Как я и предполагал, мой рассказ напугал затворника, вследствие чего он в тот же миг стал пугаться одиночества, больше чем огня и окружающего его мира. Поняв, что, переступив черту, он обрекает себя на муки и страдания. Наступал переломный момент в нашем затянувшемся на несколько часов разговоре, когда я вынужден был попросить его взглянуть мне в глаза и тем самым раздвинуть засов и приоткрыть дверь, ведущую к свету и свободе.

Было непросто подобрать нужные слова, дабы побудить затворника открыть ту самую заколдованную дверь. Так и не найдя в возникшей долгой паузе нужных слов, с уже почти наступившим рассветом, по ту сторону двери молчание было прервано наполненным надеждой на спасение голосом.

-- Сирота, как ты выглядишь.

Это был знак с его стороны, и потому, долго не думая, я предложил ему взглянуть мне в глаза и отварить разделяющую нас дверь, но уговаривать его не стал, потому что не хотел навязывать ему то, что суждено было сделать самому. Затворник сам должен был поверить в себя и свои силы.

Он задумался. Правильный путь, на котором стоял затворник, вёл путников в нужную сторону и понимая, что сойти с того пути наполненным светом, означало конец его сущности и бытия. Именно по этой причине, вскоре засов скрипнул от ржавчины и в двери появилась щель озарённая тусклым светом, через которую стали показываться обречённые на безнадёгу глаза, потерявшегося в пространстве человека.

-- Сирота мне страшно. Я не желаю предавать себя в руки смерти и быть возвращённым шкуру животного. Я хочу жить, я хочу стать прежним. Помоги прошу тебя, помоги мне.

Послышался крик помощи отчаянной души, в которую возвращалась торжествующая сила жизни. Понимая, что он хочет исцелиться от страха, чьи оковы он сбросил бы первым своим шагом переступив через порог той самой злополучной двери, как я воодушевлённо, наполненной надеждой словами произнёс в ответ

-- Так иди же в мою сторону и переступи порог этой проклятой двери.

Затворник впал в оцепенение и мне снова показалось, что он начал отступать и испугавшись большого мира, стал забывать о дороге, где светило солнце, которое способно было отогреть его душу от всех невзгод.
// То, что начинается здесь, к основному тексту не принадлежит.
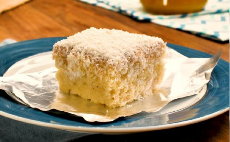 8 - Com o bolo ainda quente, despeje a cobertura sobre ele e salpique por cima o coco ralado.
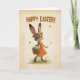 This adorable Easter card features a cheerful baby bunny in an orange dress, wearing a floral crown and carrying a basket of colorful eggs. Surrounded by butterflies and soft meadow textures, the illustration blends warm vintage tones with whimsical charm. Perfect for kids, families, and anyone who loves sweet, uplifting Easter art. Printed on premium cardstock for a beautiful seasonal keepsake.

Быстро сообразив, глядя в его обожжённое лицо я уверенным голосом проговорил

-- Не отступай, иначе больше никогда тебе не преодолеть то, через что ты уже почти прошёл.

Услышав мои наставления он вновь стал наливаться силой света и мрак стал отступать с его мятежной души и набравшись смелости, послышался скрип петель и дверь стала медленно открываться, с чем ворвавшийся яркий свет коридора перемешанный с уже наступившим божественным утром, стали ослеплять поникшие от мрака глаза затворника. Застеснявшись обожжённого лица и прикрыв их, своими костлявыми руками, он застыл словно камень и встал замертво, через некоторое время оклемавшись, он снова стал наполняться светом, который становился сильнее мрака и изгонял его из плоти и души затворника. Взглянув на меня глазами надежды он взволнованно произнес

-- Дай мне твою руку, только так я пойду

Протянул свою руку навстречу, затворник крепко вцепился в него, будто висел на краю пропасти. Глядя в его возрождающие глаза, призвал его, сделать шаг по направлению к свободе.
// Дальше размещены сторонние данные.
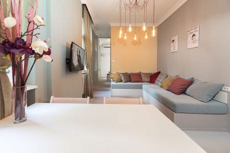 Apartment in Belgrade - Maya 3 apartment is located in the most beautiful location in central Belgrade, just a few steps away from National Assembly and Saint Marko church, as well as Tasmajdan park. This property is surrounded by many bars and restaurants. If you want to stay in city center, 600 meters from Republic square, but still be hidden from many touristic groups walking around, and experience local community, this is the place for you. For those who like parks and long walks you will find Tasmajdan park only 200 meters away, and within the park you'll find one of the best restaurants in Belgrade. This location is perfect to explore Belgrade by foot; all of the important sights like Kalemegdan fortress or Saint Sava Temple are in walking distance. This apartment in Belgrade is consisted of living room with fully a equipped kitchen and two single beds, bedroom facilitated with one double bed, and large bathroom with bathroom amenities. Apartment is on the high ground floor, in a beautiful pre-war building, renovated and furnished in January 2017. The apartment is 36 square meters large, with high sealing. Our guest can enjoy free Wi-Fi, flat screen tv with cable channels, the central heating system, fully equipped kitchen and a common terrace used only by guests from our tree apartments.

Чувствовалась дрожь в ногах, а по телу бежали мурашки, но поверив в себя он неуверенно переступил, через порог заколдованной двери и убедившись, что с ним ничего не случилось, он осознал, что огонь отступил от него ещё там, в чаще леса, а позади себя в комнате, ставшей ему тюрьмой, он распрощался со своим недугом и болью.

Взбодрившись, рука об руку мы словно канатоходцы в цирке медленно ступая, спустились по лестнице, а вскоре отцепившись от моей руки, освобождённый узник самостоятельно вышел на чистый и свежий воздух, где встретившись первыми восходящими лучами солнца, он снова прикоснулся к прошлой и забытой жизни.
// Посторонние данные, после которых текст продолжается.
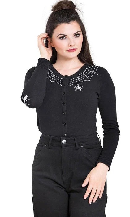 This creepy Spider Cardigan from Hell Bunny is perfect for keeping cozy in your haunted house! Featuring super soft fabric and spectacular spider embroidery- this piece is a Gothic wardrobe must-have.
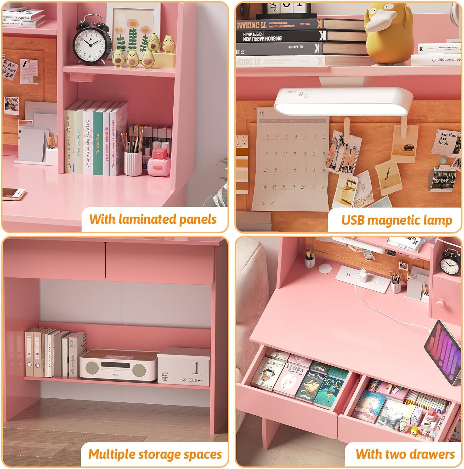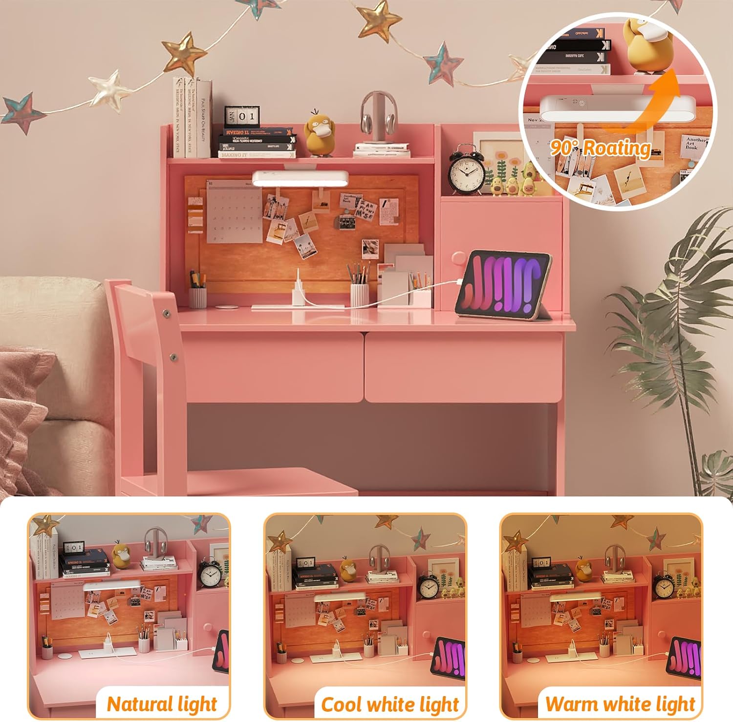 【Kids Study Table with 3-Color Lights】- kid desk equipped with detachable LED lamp,Easily paste the base of the lamp onto the computer desk for an immersive ambiance. 80° rotating multifunctional desk lamp with strong magnetic adsorption.Short press the switch to switch the light color: warm yellow, warm white, and cool white. adjust the brightness according to different scenes and needs by long pressing the switch. add a sense of glamor and style.This children’s study desk is perfect for writing, drawing, reading, and more. By adjusting the brightness, children can be more focused on learning.-WtN1mt

На утро, мать увидевшая своего мальчика, таким каким он был до случившегося с ним потрясения, упала на колени, расцеловывая ноги собственного сына, а генерал стоя в стороне утонул в собственных слезах радости, так и не решаясь подойти и обнять своего ребёнка. Как друг, дом стал наполняться светом. Лучи божественного солнца, напрочь изгоняли поселившиеся в стенах дома, мрак и безнадёжность.